La colonna sonora, infine, si classifica come una delle migliori presente su Xbox Live Arcade: la voce dei monologhi è davvero incisiva (un vero peccato non sia stata doppiata in Italiano, data la difficoltà di leggere i sottotitoli mentre si sta combattendo un'ora di nemici) e la musica è spettacolare. Durante il gioco si fa conoscenza di un personaggio denominato "la Cantante". Inutile dire che questa cantante, appunto, "canta". E la sua melodia si integra perfettamente con la narrazione del gioco, creando in una particolare sequenza di gioco quello che probabilmente ricorderemo come uno dei momenti videoludici migliori dell'anno.
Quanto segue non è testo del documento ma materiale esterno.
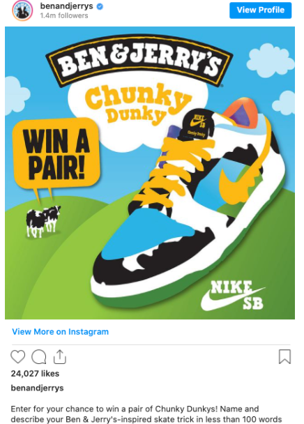 Hãy xem bài viết bên dưới, một sự hợp tác tuyệt vời giữa Nike và kem Ben & Jerry's. Mặc dù cả hai thương hiệu đều không cạnh tranh với nhau, nhưng đây là một ví dụ tuyệt vời về hình ảnh của một chiến dịch hợp tác.

Bastion è una vera perla: ora che il gioco è nelle nostre mani, possiamo capire il senso di tutti i premi assegnati quando il gioco era ancora in fase di sviluppo. Capita raramente di vedere produzioni di una tale fattura, basate su idee semplici ma realizzate con uno stile tale da diventare un piccolo gioiello. Il prezzo di 1200 Microsoft Points è un vero affare, considerando la qualità della produzione. Bastion è un gioco che dovreste aggiungere alla vostra collezione, senza pensarci un solo minuto.

09 Gamereactor Italia
9 / 10
+
Stile unico. Ogni fotogramma sembra disegnato a mano. Ottima rigiocabilità.
-
Poca varietà di nemici.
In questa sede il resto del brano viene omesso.